Naturally, Liverpool will again stumble into the local election campaign with Joe leading the way like a poor man’s Donald Trump, although he is not yet facing the electorate himself. Still, he is there making more promises – or trashing old ones – with a cavalier disregard for reality. He has suddenly remembered the empty and unused state-of-the-art Parklands school in Speke. This has for years been costing the council taxpayer £4 million per annum, but he has failed to seal this massive financial drain.

However, he is now promising 1500 houses on the toxic International Garden Festival site (down from the 2500 previously promised). He says this might start in 2020, but his own professional officer , Chris Ridland, has pointed out to the mayor and his cabinet that remediation of the site could cost £30 million and take ten years. Finally, Joe has announced yet another city centre road scheme, beautifying the area around Lime Street and St John’s Gardens at a cost of a mere £67 million. Where all this money is to come from in these times of austerity, we can only guess. Still, it is election time.

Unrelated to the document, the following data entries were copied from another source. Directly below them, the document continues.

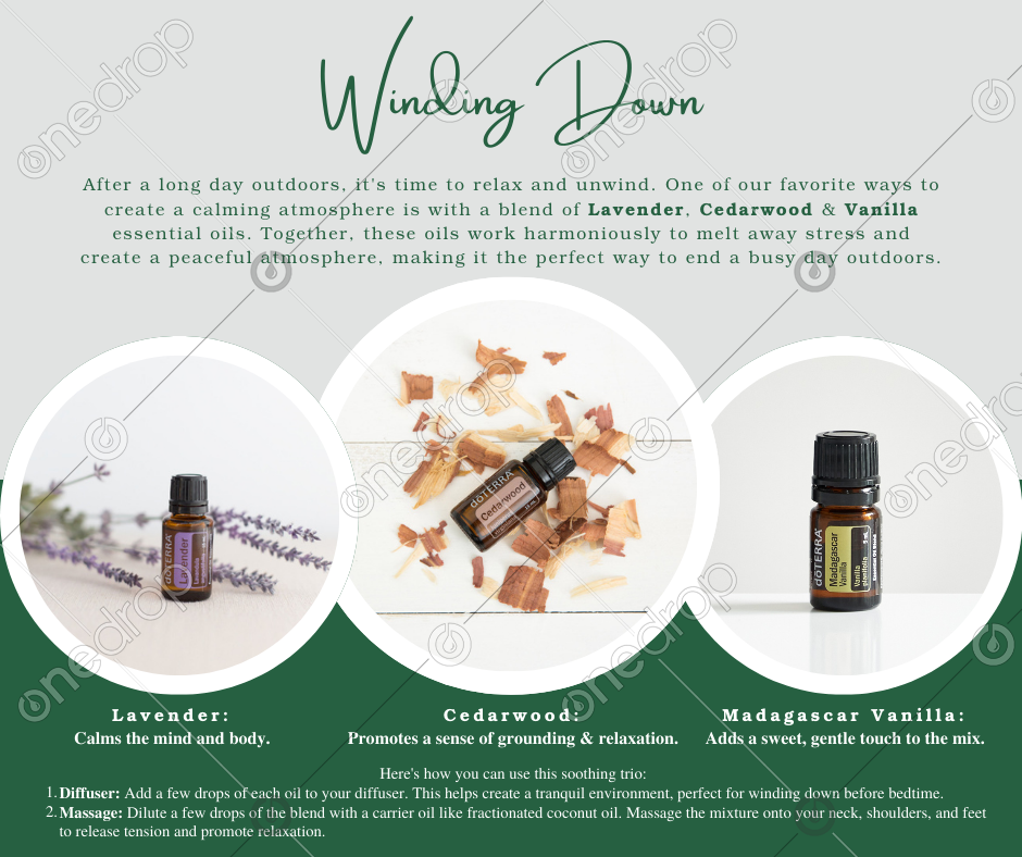 After a long day outdoors, it's time to relax and unwind. One of our favorite ways to create a calming atmosphere is by using a blend of Lavender, Cedarwood, and Vanilla essential oils.
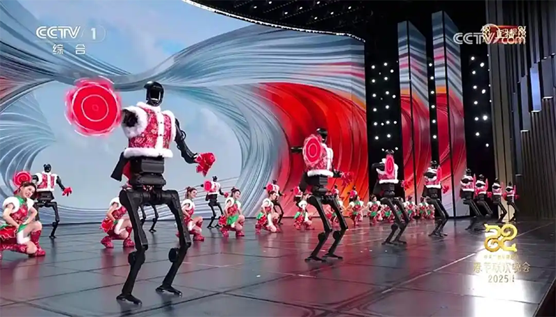 △今年春晚,宇树科技人形机器人身穿东北特色的花棉袄扭秧歌,呈现出全新视觉效果。
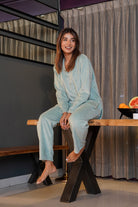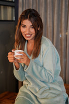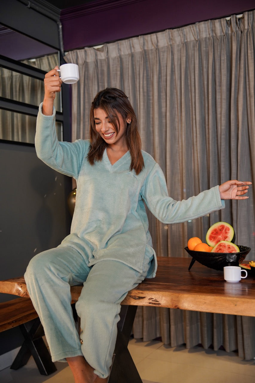 V neck Super Soft Turquoise woollen Lounge Wear Set
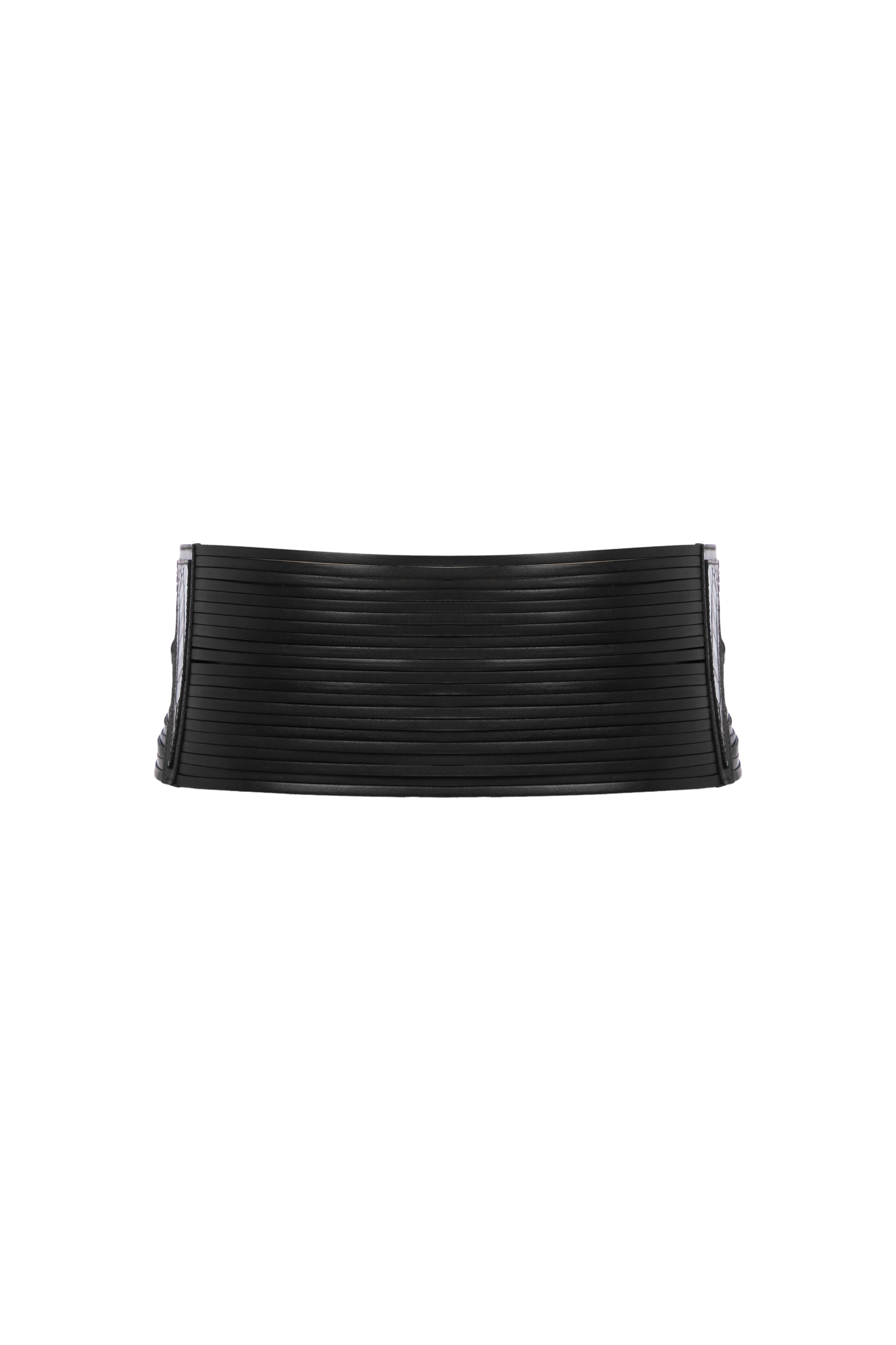 Siyah deri dokusuyla güçlü bir karakter sunan bu geniş kemer, mimari formu ve çift tokalı yapısıyla bele heykelsi bir silüet kazandırır. Katmanlı örgü detayları ve dokulu deri yüzeyi, tasarıma derinlik ve zamansız bir şıklık katarken metal tokalar fonksiyonel olduğu kadar güçlü bir stil vurgusu yaratır. El işçiliğiyle şekillenen bu parça, elbiselerden ceketlere kadar farklı kombinlerde görünümü tamamlayan iddialı bir aksesuardır.
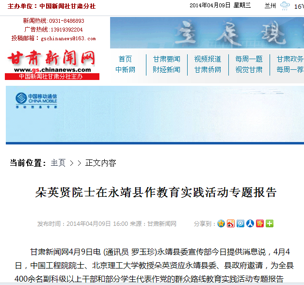 甘肃新闻网4月9日电 (通讯员 罗玉珍)永靖县委宣传部今日提供消息说,4月4日,中国工程院院士、米兰milan官方网站教授朵英贤应永靖县委、县政府邀请,为全县400余名副科级以上干部和部分学生代表作党的群众路线教育实践活动专题报告会。
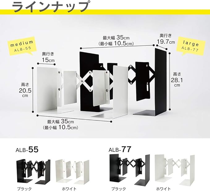 ●書籍の量に応じて間口を自在に開閉できる便利なブックエンドです。●最適な幅でブックエンドを活用できるので机上のスペースを節約できます。●丈夫で耐久性の高いスチール素材は、強固で形崩れしにくく、書籍の重さで生じるズレや開きを防止します。●仕切りがついているので、本を取り出した時に倒れにくく書籍を分類して整理できます。●背あてがあるので後方に書籍がおちることもありません。●書類の重さで生じるズレや開きを防止します。
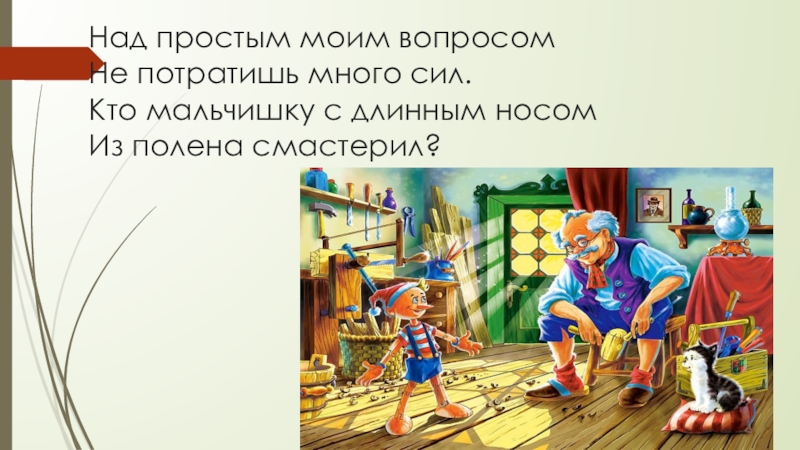 Над простым моим вопросом Не потратишь много сил. Кто мальчишку с длинным носом Из полена смастерил?
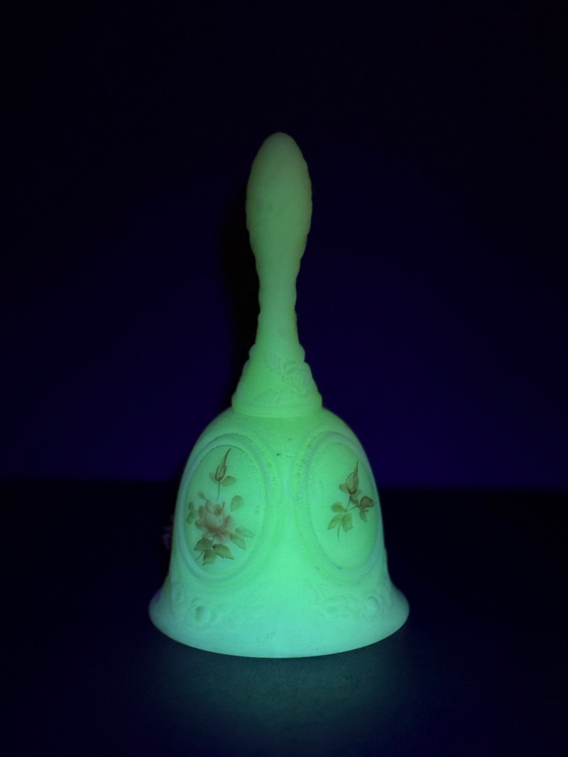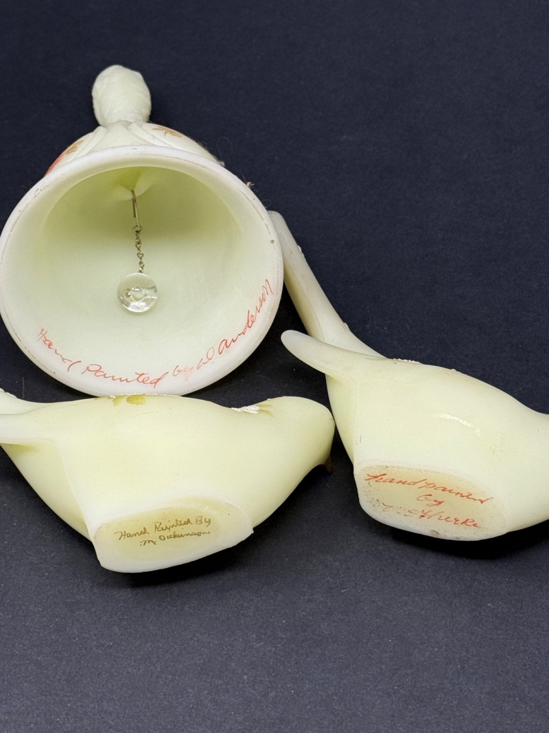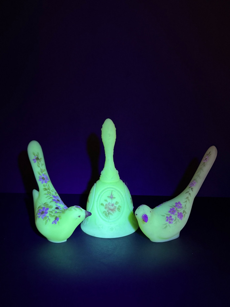 Fenton Uranium Custard Satin Glass Set – 2 Birds & Bell – Hand-Painted Floral – Glows Under UV Light This charming Fenton Art Glass trio includes two satin custard glass birds and a matching bell, each hand-painted with delicate purple floral motifs. Made from uranium custard glass, the set glows vibrantly under blacklight, making it a collector favorite for both its artistry and luminous properties. Set Includes:
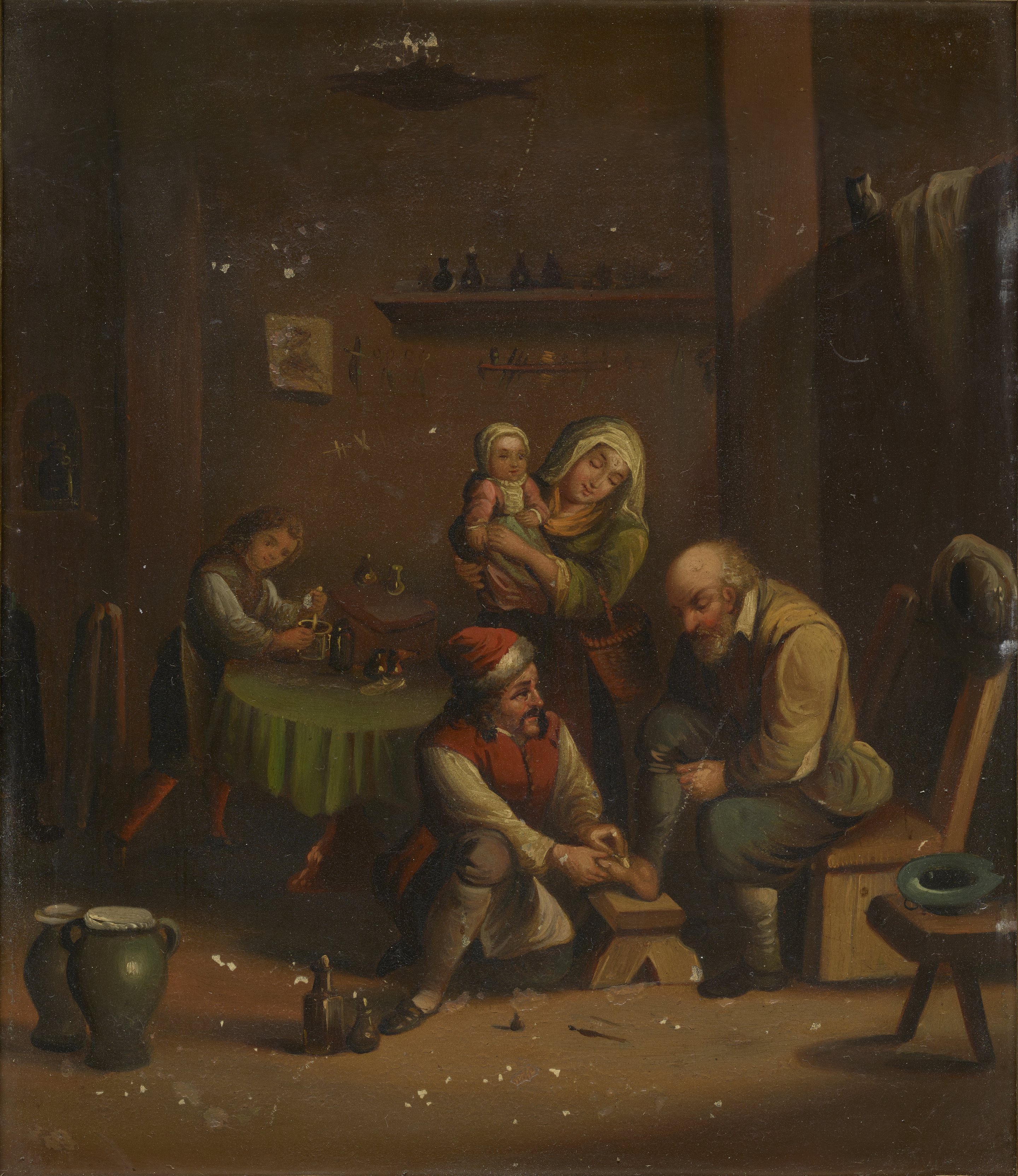 In a small workshop a medical alchemist tends to the foot of a seated patient while the man's wife and child look on. At left, an assistant grinds a substance--likely a medicine or salve--in a small mortar and pestle. The humble shop is furnished with a table, a small shelf of vials and jars, and a paper print pasted against the rear wall. This painting was produced by adhering a lithographic print to a thin metal plate and painting over the top of it in oil.
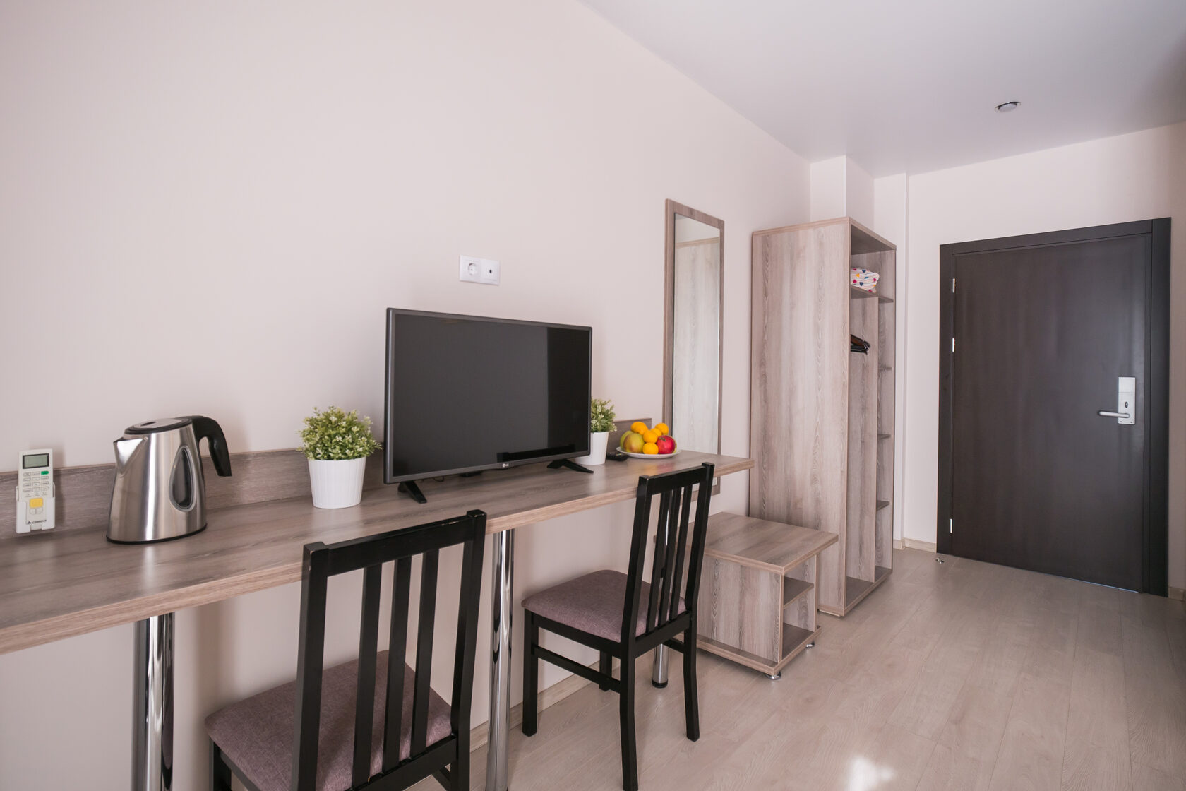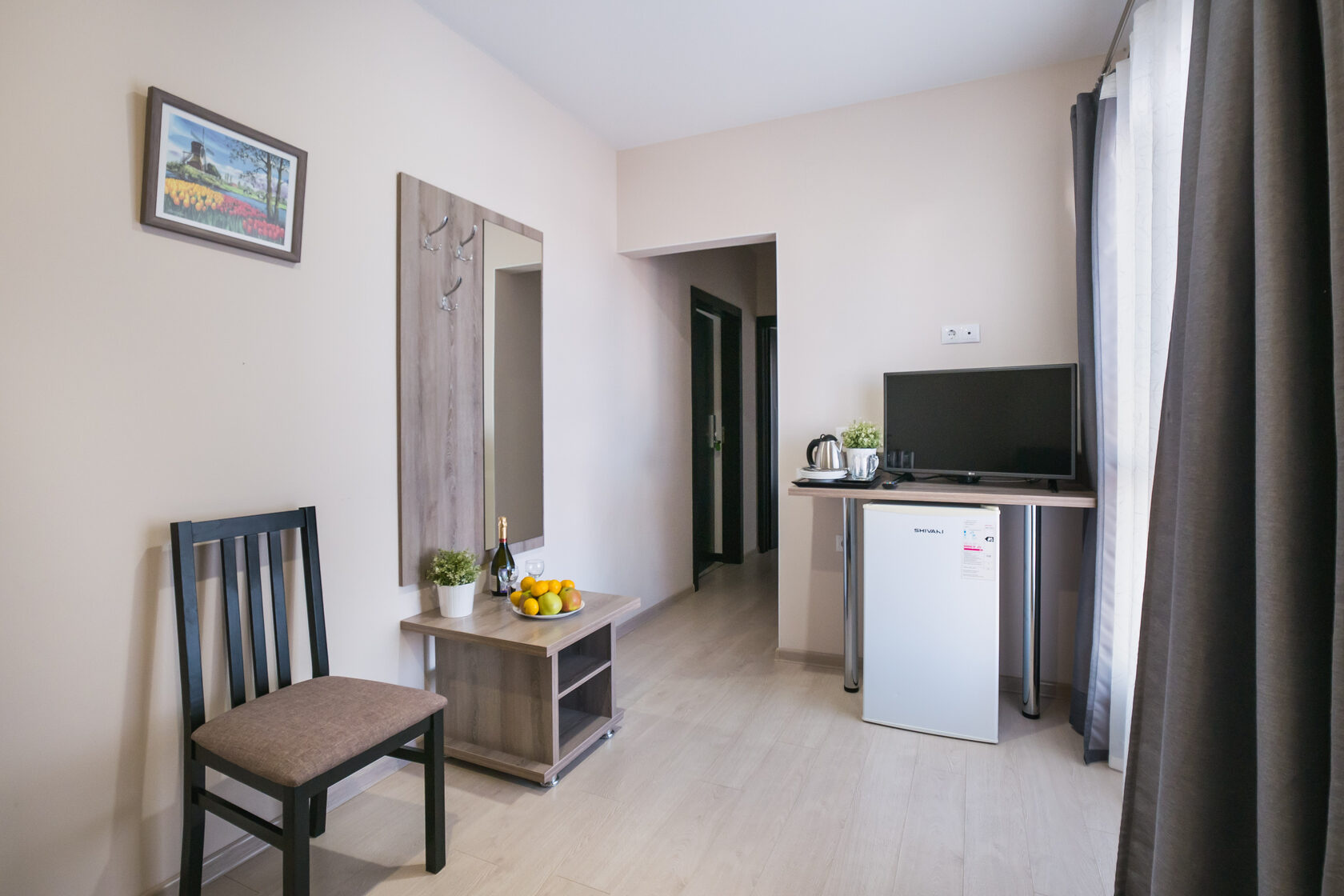 Отель расположен близко к набережной и пляжу, в номер чистый,просторный,светлый и приятный внешне. В номере есть чайный набор,чайник ,холодильник,телевизор, По утрам вкусный завтрак,,,,,,,,,, нам с женой очень понравилось персоналу большое спасибо,,,,,,,,,,,,,,,
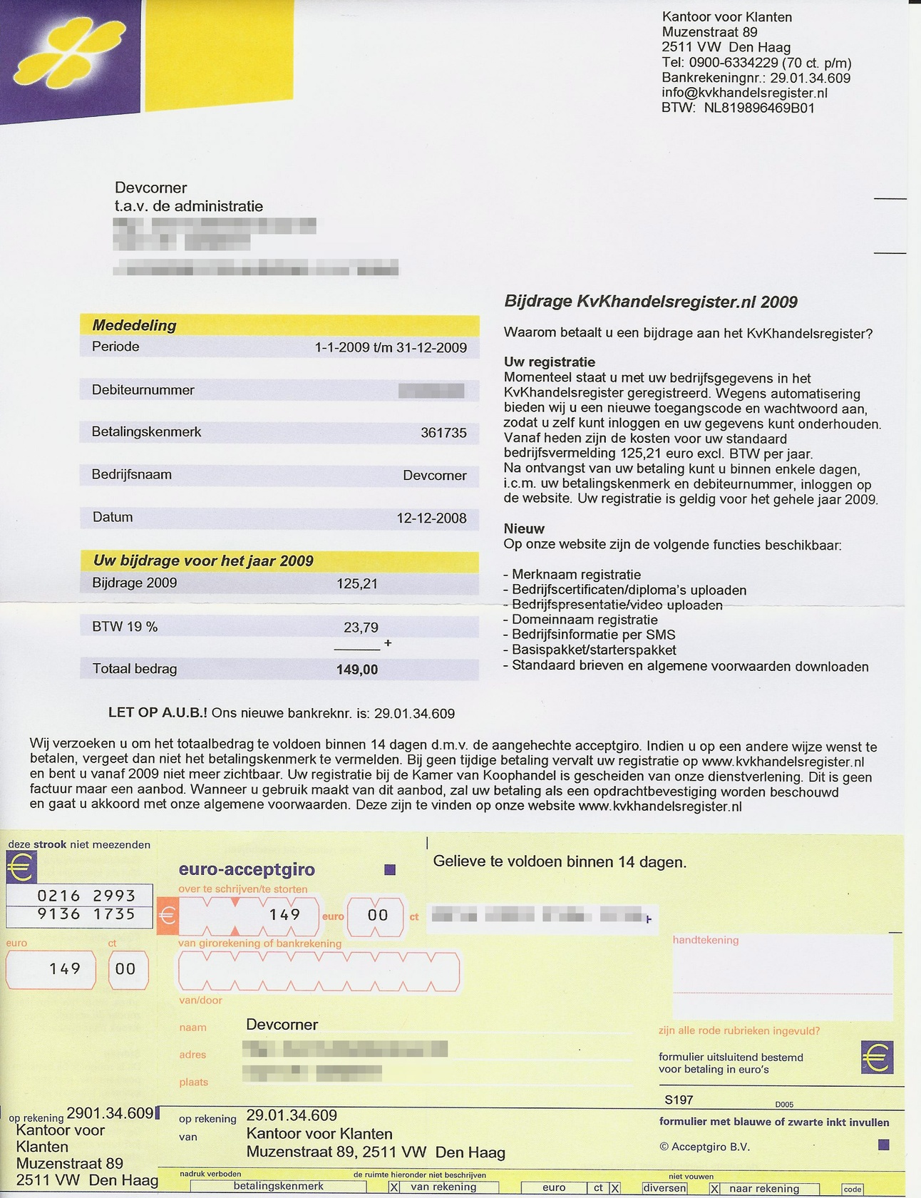 - bovenaan de brief staat het adres van 'Kantoor voor Klanten' in Den Haag met een 0900-nummer (wat ik niet ga bellen overigens)
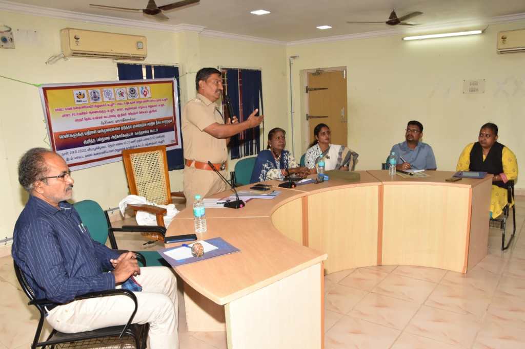 Cuddalore, September 30– A multi-disciplinary consultation meeting on prevention, reduction and resolution of violence against women was organized by District Superintendent of Police Office, Social Welfare and Women’s Rights Department, District Legal Affairs Committee, District Child Protection Office, Maitri National Federation of Women New Delhi and ADECOM Network, Cuddalore District Police Held at Superintendent’s Office. In this meeting, District Additional Superintendent of Police Mr. Srinivasalu (Cyber Crime Branch) headed by Cuddalore District Pocso Special Court Judge Ezhilarasi will be the special invitee and will talk about crimes against women and girls, prevention of child marriage, sexual assault, reporting pornographic images on cell phones, prevention of crimes against girl children, dealing with crimes, how to deal with legal amendments, registration. she also explained how to dispose of cases expeditiously and mainly how to deal with the affected persons. Further, she said that only if all the departments for women and children work together, justice can be delivered to the victims soon. Also, one of our duties is to take the next step in the lives of affected individuals. We must provide them with the necessary training and skill development facilities. Finding and working with voluntary organizations like this same group can show the victim a better way. Because only studies can take them to the next level. He also said that since they are mentally challenged, they can take the help of voluntary organizations to monitor them regularly and give them advice at the right time.

One tiny sign of progress is the news that the council’s audit team is to look at long last at the scandal of the match-day car parks. True to form, the Echo has plagiarised what I have been saying for years – and still getting it wrong. There are three car parks which need to be looked at. The biggest – on the corner of Priory Road – appears to be outside of both the scope of the council audit and the Echo’s half-baked reportage. Ho hum, roll on May 2nd.